# Census Bureau Facts for Features: Halloween Oct. 31, 2006



## Johnny Thunder (Feb 24, 2006)

I just found this and thought it was interesting enough to share. :xbones:

http://www.census.gov/Press-Release...cts_for_features_special_editions/007465.html


----------



## ScareShack (May 26, 2006)

nice find, give halloween a few more years and lets rope in some haunters and we'll knock x-mas to second place!


----------



## Death's Door (Mar 22, 2006)

Thanx for the stats!!!!


----------



## Koumajutsu (Aug 9, 2006)

ok, so how have these numbers done for this year?


----------



## slimy (Jul 12, 2006)

Where's Johnny Thunder when you need him?


----------



## Johnny Thunder (Feb 24, 2006)

Census is always a year behind.
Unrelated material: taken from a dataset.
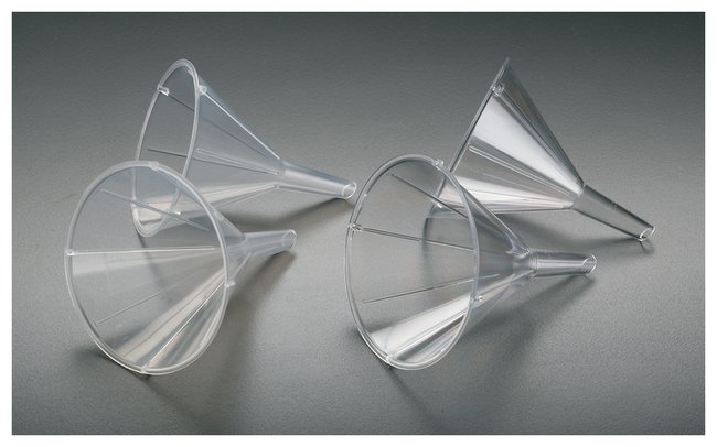 The Disposable Funnel is made of either polystyrene or polypropylene. Both sizes are tapered at a 60° angle with inside fluting.
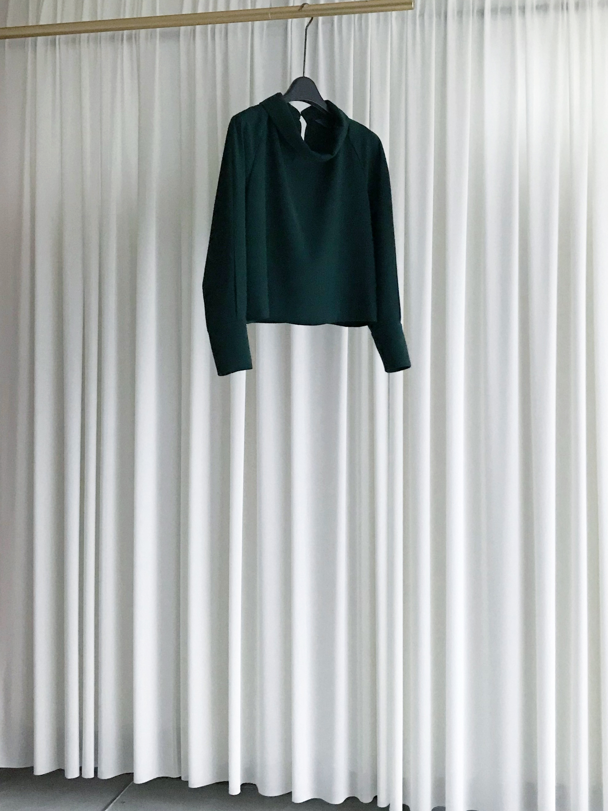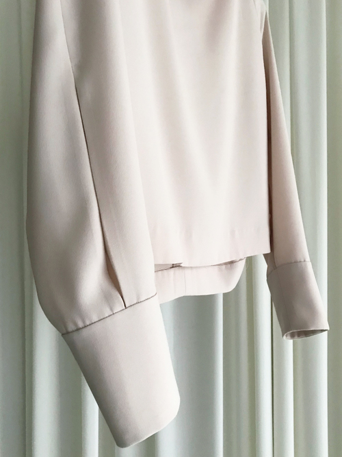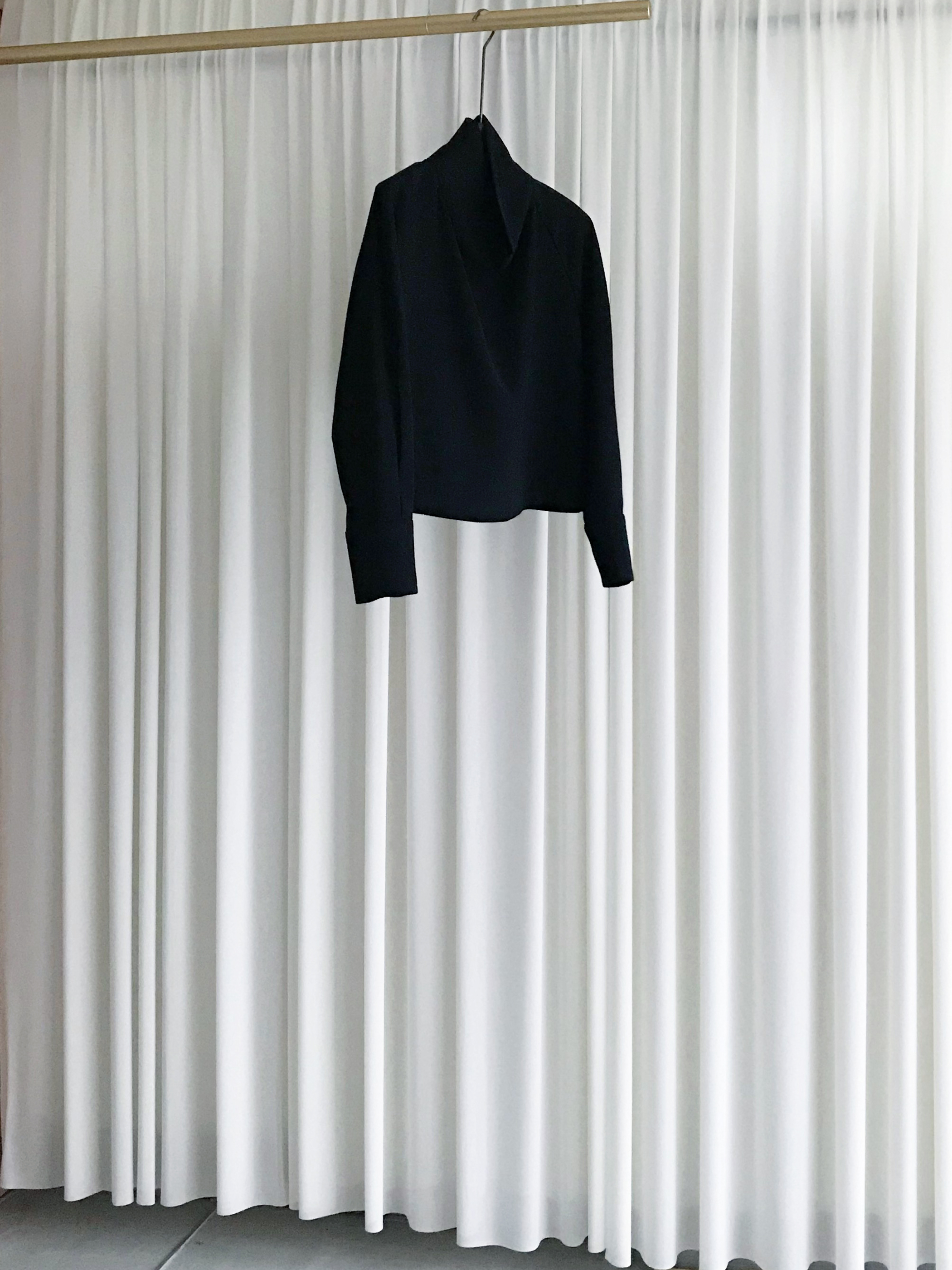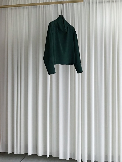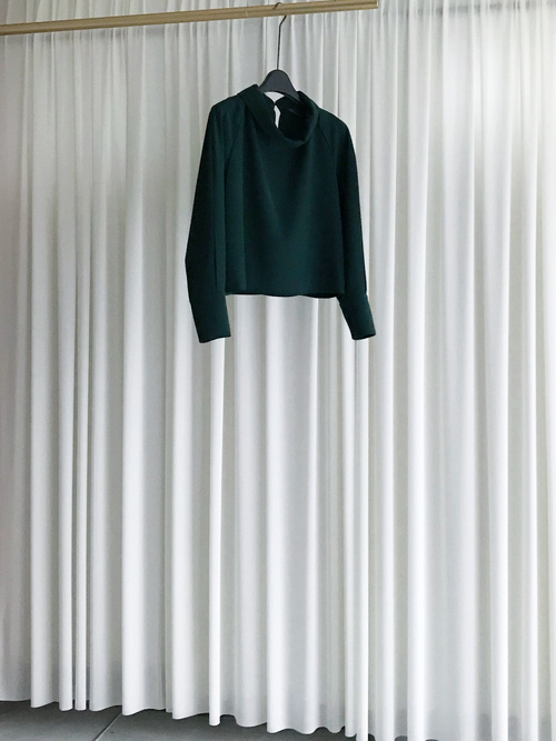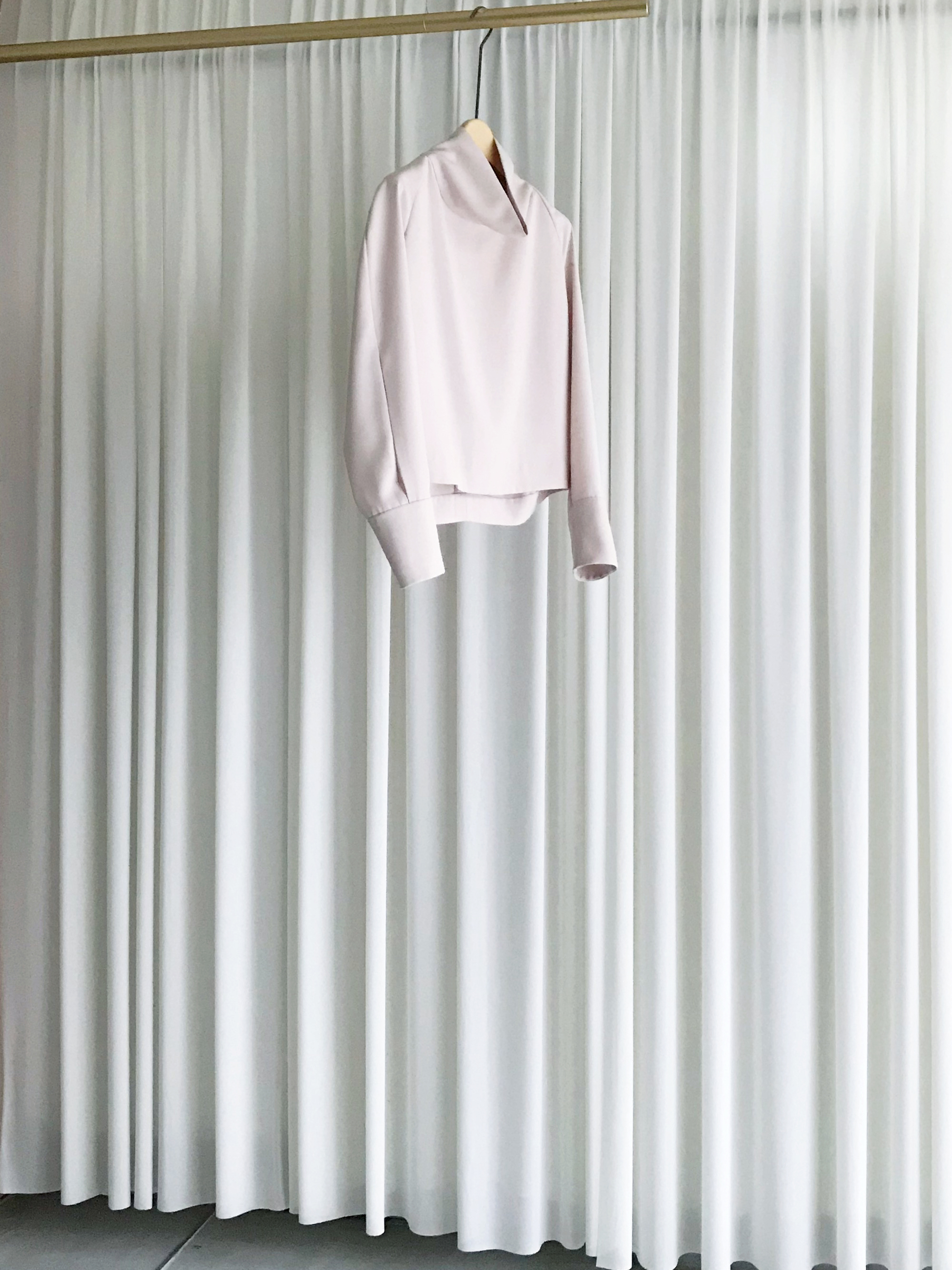 ハイネックブラウスは首に沿うジャケットのラインへの相性を考えてデザイン。

Hence, the latest information is for Halloween 2006.

http://www.census.gov/Press-Release...cts_for_features_special_editions/010511.html

The '07 won't be out until this August or September.


----------



## Eric Striffler (May 6, 2006)

ScareShack said:


> nice find, give halloween a few more years and lets rope in some haunters and we'll knock x-mas to second place!


Honestly I wouldn't be surprised.
I said it this past Fall and I'll say it again now with even more confidence:
Halloween is growing into a bigger event than it ever has been before.
So many people are getting more into it, not just with decorations and trick-or-treating, but with making their own haunts and going to haunts!
It's great!


----------



## Johnny Thunder (Feb 24, 2006)

The new release just came out -

http://www.census.gov/Press-Release...cts_for_features_special_editions/014211.html


----------



## Haunted Bayou (Feb 16, 2007)

Interesing data.

There is also a "Pumpkin Center, LA" and a "Eulogy, Tx"


----------